FORNA, Aminatta. British-Sierra Leone author on lying by omission, "A version of the truth that puts them in a good light...The silent lie”

Aminatta Forna was born in Glasgow, raised in Sierra Leone and Britain and also spent periods of her childhood in Iran, Thailand and Zambia. She is the award-winning author of two novels: “The Memory of Love” and “Ancestor Stones”, and a memoir about her Sierra Leone father, “The Devil that Danced on the Water” (see: http://www.aminattaforna.com/content.php?page=about&f=2 ). .

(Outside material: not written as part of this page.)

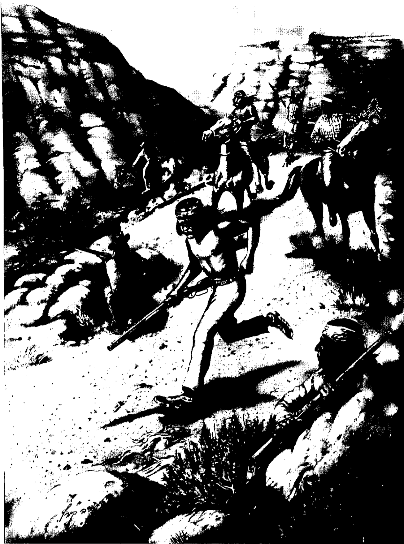
המלחמה באינדיאנים - עימות בעצימות נמוכה? (ציור: טוביה קורץ)

האירופית, יכול לנצח במהפכה. 15 עם תפיסה זו המשיך וושינגטון לנהל את המלחמה. הקרב המכריע האחרון במהפכה היה קרב סדור ששילב את כל טקטיקות הלחימה האירופיות: במצור על יורקטאון (Yorktown), וירג'יניה (1781), עמדו צבאות סדירים האחד מול השני, התקיימה לחימת מצור לפי תורתו של המהנדס הצרפתי המהולל וובאן (Vauban), והיה שיתוף פעולה בין יחידות צבאיות ביבשה ובין אוניות הצי הצרפתי. הניצחון האמריקאי ביורקטאון הוא זה שהכריע את המלחמה לטובתה של ארצות הברית. 16

In Aminatta Forna’s novel set in war-devastated Sierra Leone, “The Memory of Love”, there is a discussion about how people hide or re-invent their past after Dr Adrian: Lockheart comments on the courage of the survivors of the civil war and his lover Mamakay passionately replies in the negative: “Courage is not what it took to survive. Quite the opposite! You had to be a coward to survive. To make sure you never raised your head above the parapet, never questioned, never said anything that might get you into trouble … Who was it who said “History will be kind to me, for I intend to write it?” [Winston Churchill] … He’s [Elias] using you to write his own version of history, don’t you see? And it’s happening all over the country. People are blotting out what happened, fiddling with the truth, creating their own version of events to fill in the blanks... A version of the truth that puts them in a good light, that wipes out whatever they did or failed to do and makes certain none of them will be blamed … And they’re all doing it. Whatever you say, you will go away from here, and you will publish your papers and give talks, and every time you do you will make their version of events the more real, until it becomes indelible”… And in Mamakay’s words Adrian hears the echo of his own thoughts of earlier in the day, only differently stated. The silent lie.” [1]

[1]. Aminatta Forna, “The Memory of Love” (Bloomsbury, London, 2010), p351.